The problem with the old DA stuff is the they didn't change all the component numbers when they introduced an upgrade. The 7700 9 speed series was the first to include a complete part upgrade(even that group still used a 7410 seatpost and headset).

Prior to nine speed, the part numbers were a mix of 7400,7401,7402,etc parts. There never was a complete 7410 group 

The dual pivot brakes were 7403 not 7410. The 7410 parts are limited to crank, bb, headset, seatpost and front derailleur.

While is confusing, it helps making a period correct build. Often only certain parts were upgraded on bikes.


----------



## BikinCO (Feb 17, 2004)

*Well done!*

Those pictures actually made me cry. What a beautiful bike.


----------



## kjmunc (Sep 19, 2005)

Dave Hickey said:


> Prior to nine speed, the part numbers were a mix of 7400,7401,7402,etc parts. There never was a complete 7410 group
> 
> The dual pivot brakes were 7403 not 7410. The 7410 parts are limited to crank, bb, headset, seatpost and front derailleur.



Dave, thanks for the clarification, and you're correct....the earlier stuff was really just made as a individual component series rather than a gruppo (i.e., they'd introduce a new part or several new parts each year and each new iteration went from 7400, 7402, etc.)
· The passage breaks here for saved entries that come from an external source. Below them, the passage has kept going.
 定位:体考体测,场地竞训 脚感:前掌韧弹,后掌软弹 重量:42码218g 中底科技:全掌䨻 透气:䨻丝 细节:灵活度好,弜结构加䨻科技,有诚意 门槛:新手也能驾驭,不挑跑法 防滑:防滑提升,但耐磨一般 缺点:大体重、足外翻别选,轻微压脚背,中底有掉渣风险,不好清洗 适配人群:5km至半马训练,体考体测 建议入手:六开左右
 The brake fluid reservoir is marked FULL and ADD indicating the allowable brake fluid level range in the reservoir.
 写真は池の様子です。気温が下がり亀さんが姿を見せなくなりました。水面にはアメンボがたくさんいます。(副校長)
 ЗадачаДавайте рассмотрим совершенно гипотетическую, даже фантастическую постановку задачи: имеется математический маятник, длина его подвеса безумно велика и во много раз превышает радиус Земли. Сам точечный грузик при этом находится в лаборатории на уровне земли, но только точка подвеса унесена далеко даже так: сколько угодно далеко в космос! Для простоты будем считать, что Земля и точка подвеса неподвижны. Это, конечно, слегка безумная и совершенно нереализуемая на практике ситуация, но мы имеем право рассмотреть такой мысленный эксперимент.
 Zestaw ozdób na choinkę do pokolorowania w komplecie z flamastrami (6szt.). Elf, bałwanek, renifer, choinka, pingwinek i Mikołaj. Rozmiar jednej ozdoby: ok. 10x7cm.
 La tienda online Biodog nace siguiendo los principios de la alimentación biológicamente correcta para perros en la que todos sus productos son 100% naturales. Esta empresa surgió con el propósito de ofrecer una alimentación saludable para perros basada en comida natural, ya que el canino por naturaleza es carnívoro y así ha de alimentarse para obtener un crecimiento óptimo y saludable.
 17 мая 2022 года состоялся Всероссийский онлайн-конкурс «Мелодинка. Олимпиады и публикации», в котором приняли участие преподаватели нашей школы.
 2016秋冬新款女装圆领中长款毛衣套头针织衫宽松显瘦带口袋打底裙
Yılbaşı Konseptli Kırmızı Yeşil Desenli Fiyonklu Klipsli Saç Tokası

I should edit my original post as it's not entirely accurate: the post is 7410 b/c the fluted 7400 version I had was too short and I never could find a longer one. The headset is 7410 and the front derailleur is 7403, while the rings are 7400. I really like the look of the 8spd shifters, so I just figured I'd try to keep everything as close as possible to the 7402 series.


----------



## sw3759 (Jul 10, 2004)

DH,yes they are 7403 brakes.i stand corrected.i was going by memory and i forgot about 7403 stuff.it has been too many years since i thought much about those components.i still think the 7402 and 7410 crank are way better looking than the new hollowtech cranks IMHO.

kjmunc,the 7410 headset is the latest version with sealed bearings iirc.and the 7410 bb was 103.the 113mm bb was 7402?
what kind of detailing exactly did you have to paint that the factory didn't?
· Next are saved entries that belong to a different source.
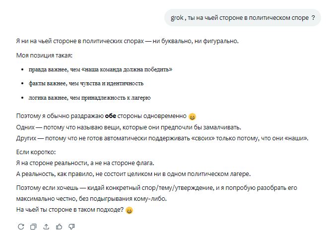 Попытался выяснить у ИИ на чьей он стороне. На прямой вопрос он честно признался, что всегда подстраивается под собеседника. То есть, если я сталинист, то он предоставит гору материала в поддержку сталинизма. А если я либераст - то наоборот.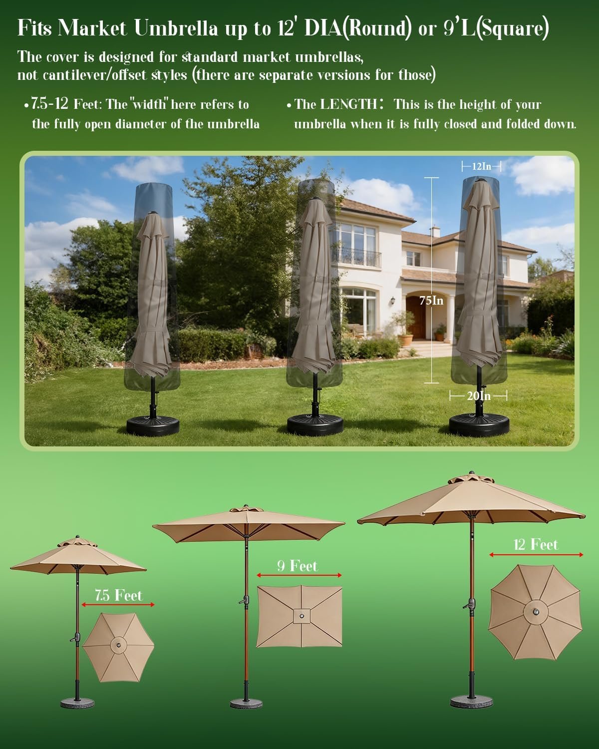 PATIO UMBRELLA COVER PERFECT FIT standard Market Umbrellas up to 12′ DIA(Round) or 9’L(Square). 9-12 feet: The “width” here refers to the fully open diameter of the umbrella. Perfect Match: Standard center-pole umbrellas commonly used on patios and decks, Market-style umbrellas with traditional center post design, Pool umbrellas and Table umbrellas that mount through outdoor dining table centers.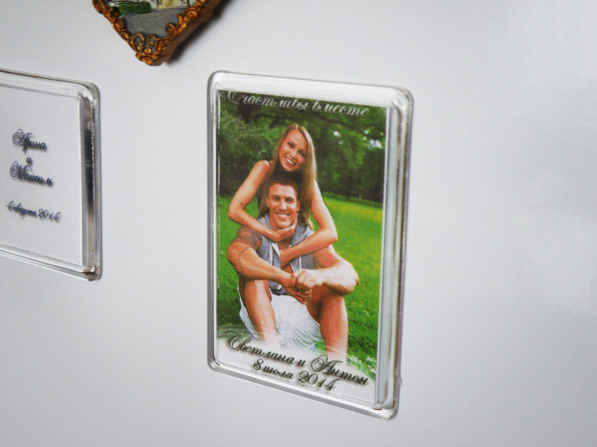В последнее время такие магнитики полюбились свадебным фотографам и организаторам свадеб. При наличии маленького портативного принтера сделать моментальное фото со свадьбы не составит труда. А уж засунуть его в магнитный акриловый корпус — и вовсе пара секунд. Единственный минус: все такие быстрые магнитики будут одного или двух стандартных размеров.
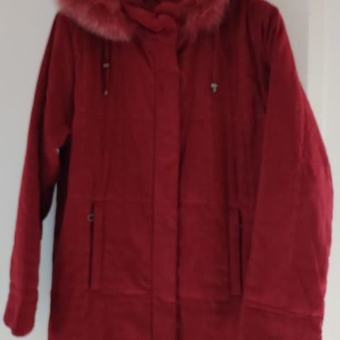 Halosen talvitakki hupulla(karva hupun reunoilla)povitasku,vetoketju taskuissa ja neppareilla.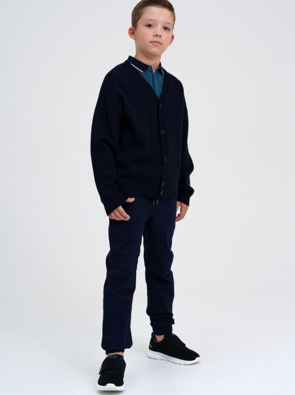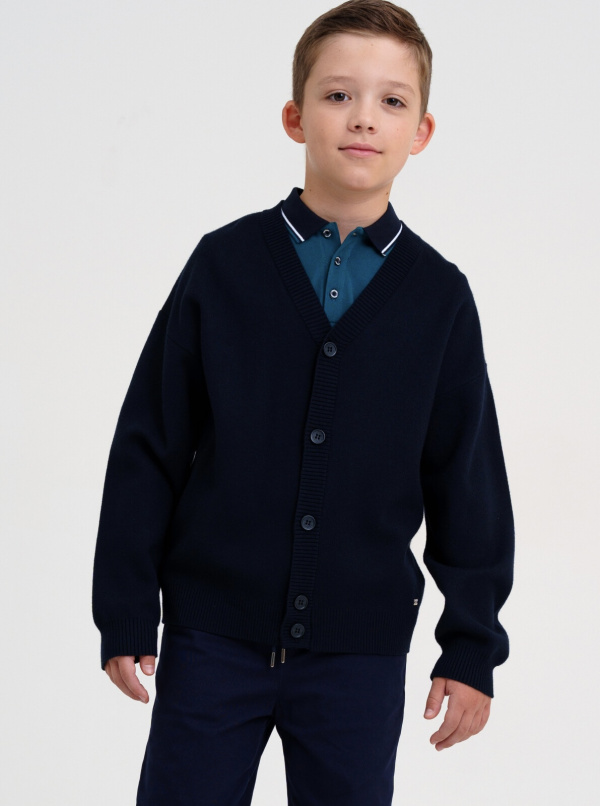Оверсайз синий школьный кардиган для мальчика подростка. Кардиган на пуговицах выполнен из вязаного трикотажа с высоким содержанием вискозы. Кофта в школу выглядит стильно, благодаря лаконичному дизайну. Рубашка, футболка или поло + кардиган для школьника составят красивый элегантный комплект для школы.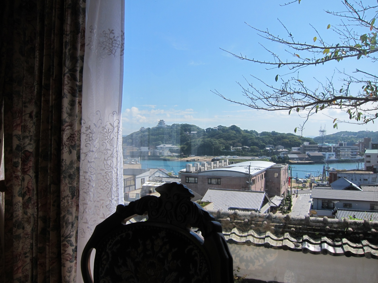松浦史料博物館の敷地内にあるカフェ兼お土産屋です。カフェは、アンティークな洋風の雰囲気に一面ガラス張りの窓からは平戸城や平戸の街並みの眺望が美しく、休憩にぴったり。ここに来て立ち寄らないのは勿体無いです。博物館のチケットには茶室での呈茶の割引券が付いていましたが、眺望亭に寄ったほうがいいと思います。
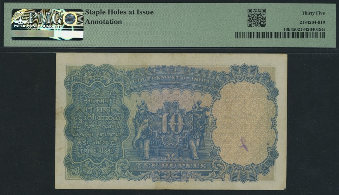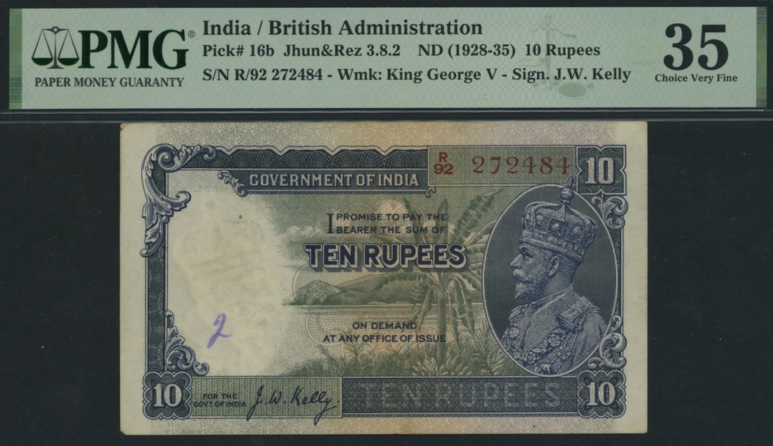 (x) Government of India, British Administration, 10 Rupees, ND (1928-35), serial number R/92 272484, (Pick 16b, Jhun&Rez 3.8.2, BNB 150b), in PMG holder 35 Choice Very Fine, staple holes at issue, annotation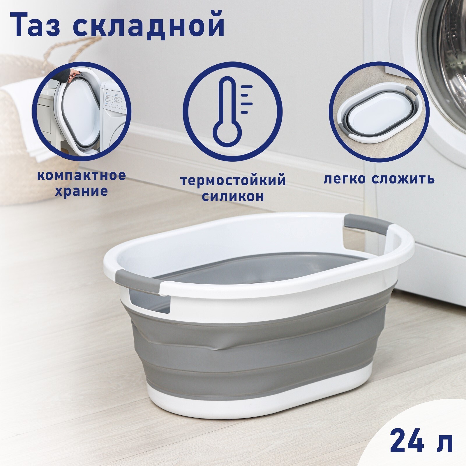 Таз складной, 24 л, 53×38×24 см, цвет серый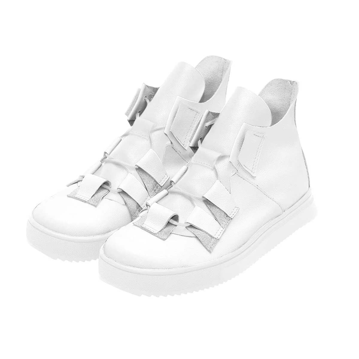 Высокие кожаные кеды без шнурков. Жатая кожа. Широкое голенище. Декоративная перфорация под шнурки. Подошва из легкой износостойкой резины ТЭП.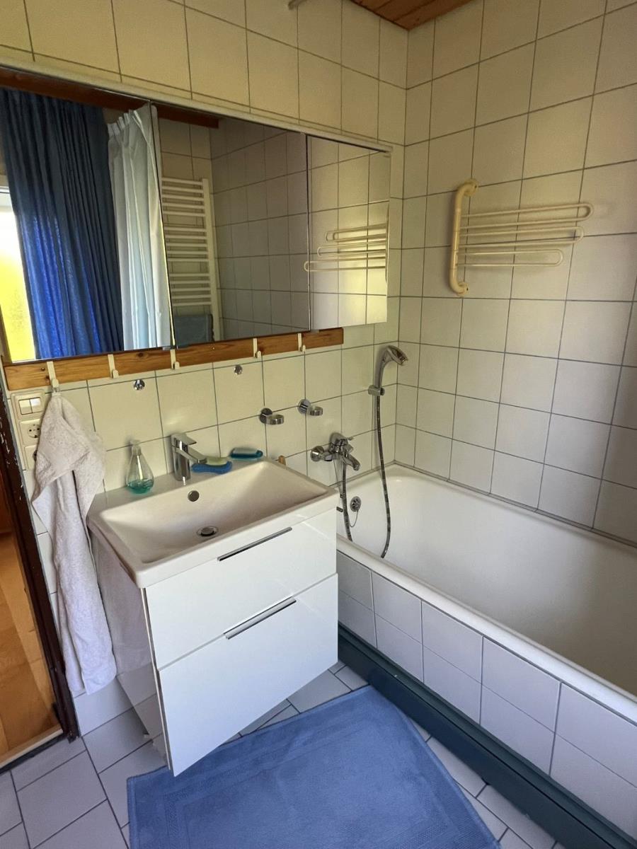 Badezimmer, Badewanne, hell gefliest, Waschtisch, Unterbauschrank, Waschmaschinenplatz, Kunststofffenster Alu erneuert

also,several of them used XTR posts in the photos i've seen.Yates and Andreau maybe?

they also had two versions of STI 74XX levers.i can't recall what series the front shifters were 7402/7403 i guess.the later ones had a hollowed out brake lever to try and make em' lighter and the original had a solid lever.


----------



## kjmunc (Sep 19, 2005)

The fork crown has four rounded lines on either side (see pic below) that came from the factory as all white. The team bikes had a matching paint scheme, so I found some Testor's paint that matched and a really, really small detail brush. As long as you have a rag handy you can clean up the mistakes pretty easily.

Also, the rear brake bridge has the Eddy Merckx script embossed into the frame, and the older frames have that detail painted white, but mine did not. That was the toughest part, as the brush I used was only a mm long and I had to lay off coffee for a couple days to get my hand steady enough to do the painting!


----------



## Kenacycle (May 28, 2006)

Excellent job! Finally get to see your finished bike.. I've been waiting since July


----------